** Activity **
From the first line of the listing below to the line with "Self Defence Driver", print each line exactly, and nothing more. Leave out the pictures.

** The data **

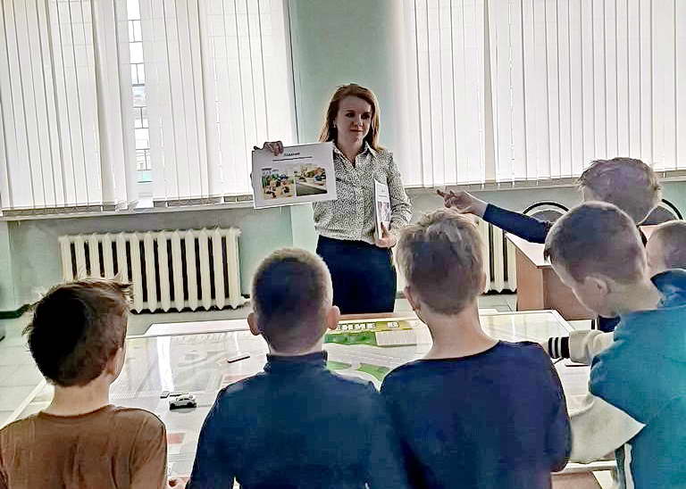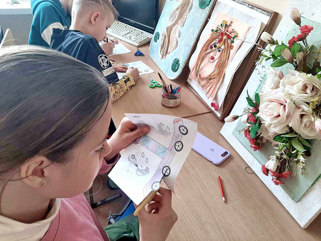 Помимо занятий в Автогородке, учащиеся отвечали на вопросы теоретической части ПДД, выявляли нарушения на магнитной доске и изучали значения различных дорожных знаков. В качестве сувенира о посещении Автогородка и для развития моторики они изготовили бумажную машинку.
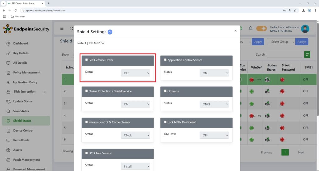 Self Defence Driver is used to Defend NPAV files and Folders being modified by unauthorized users. Admin can give settings to ON and OFF the setting from here.
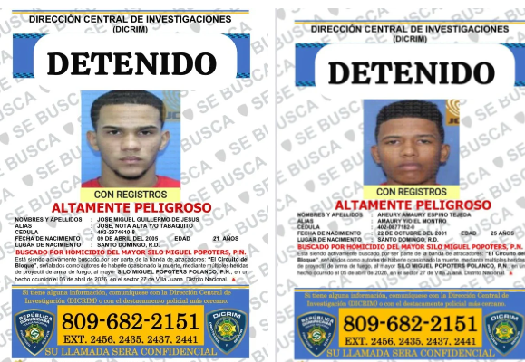 Dos de los presuntos integrantes de la banda delictiva conocida como “El Circuito del Bloque” se entregaron este lunes a la Policía Nacional, tras ser vinculados a la muerte a tiros del mayor policial Silo Miguel Popoters Polanco, hecho ocurrido en el sector Villa Juana.
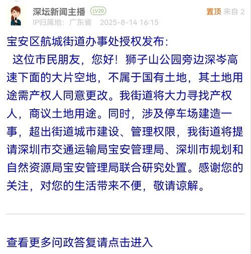 這位市民朋友,您好!獅子山公園旁邊深岑高速下面的大片空地,不屬于國有土地,其土地用途需產(chǎn)權(quán)人同意更改。我街道將大力尋找產(chǎn)權(quán)人,商議土地用途。同時,涉及停車場建造一事,超出街道城市建設(shè)、管理權(quán)限,我街道將提請深圳市交通運(yùn)輸局寶安管理局、深圳市規(guī)劃和自然資源局寶安管理局聯(lián)合研究處置。感謝您的關(guān)注,對您的生活帶來不便,敬請諒解。

** Response box **
 Помимо занятий в Автогородке, учащиеся отвечали на вопросы теоретической части ПДД, выявляли нарушения на магнитной доске и изучали значения различных дорожных знаков. В качестве сувенира о посещении Автогородка и для развития моторики они изготовили бумажную машинку.
 Self Defence Driver is used to Defend NPAV files and Folders being modified by unauthorized users. Admin can give settings to ON and OFF the setting from here.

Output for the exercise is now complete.